Diabète de type 1 : évolution et pronostic

En raison de l’absence absolue d’insuline dans le diabète de type 1, les premiers symptômes de cette forme de diabète sucré apparaissent très rapidement. Il s’agit notamment de mictions fréquentes et de soif excessive, de problèmes gastro-intestinaux, de fatigue et de perte de poids.

Cette perte de poids se produit parce que les cellules commencent à brûler les graisses en raison du manque de glucose. Le produit métabolique qui en résulte, l’acétone, provoque l’acidification du sang (acidocétose). Le corps essaie de libérer de l’acétone par l’air que nous respirons. Il en résulte des halètements et une mauvaise haleine, qui rappelle les fruits légèrement pourris. Comme le métabolisme ne fonctionne plus correctement, les personnes concernées souffrent de douleurs à l’estomac.

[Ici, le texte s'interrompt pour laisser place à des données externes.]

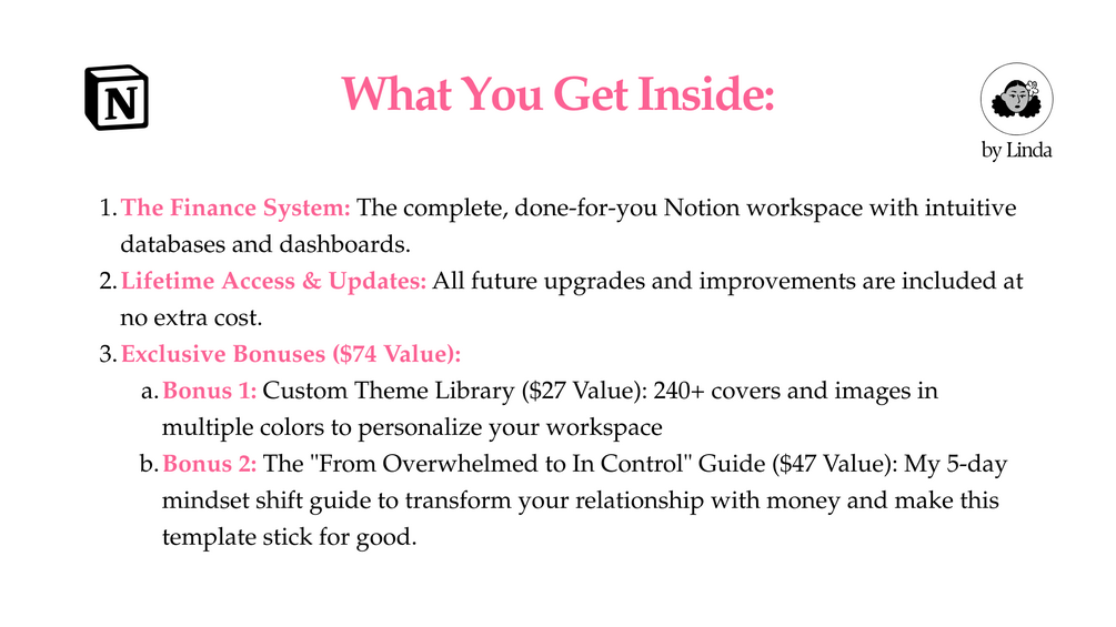 - The Finance System: The complete, done-for-you Notion workspace with intuitive databases and dashboards.

Sans traitement, l’évolution du diabète de type 1 est dramatique : les mictions fréquentes entraînent une déshydratation, qui peut conduire à une insuffisance rénale. Au cours de la maladie, la personne affectée tombe dans un coma diabétique, qui peut être fatal dans le pire des cas.

Une thérapie correcte a une influence positive sur l’évolution de la maladie

Si le diabète de type 1 est traité à temps avec de l’insuline et que la glycémie est bien ajustée, une vie largement normale est possible. Cependant, l’espérance de vie des diabétiques de type 1 reste inférieure à celle des personnes en bonne santé. Selon une étude écossaise de 2015, un homme de 20 ans atteint de diabète de type 1 avait alors une espérance de vie réduite de 11 ans, et une femme de 20 ans avait presque 13 ans. Les principales raisons en sont l’hyperglycémie ou le risque plus élevé de développer une maladie rénale.

Toutefois, certaines études récentes menées dans d’autres pays européens indiquent que l’espérance de vie des personnes atteintes de diabète de type 1 a augmenté au cours des dernières décennies. Des méthodes de traitement améliorées, une valeur à long terme bien ajustée et une thérapie appropriée peuvent donc avoir une influence positive sur l’évolution du diabète de type 1.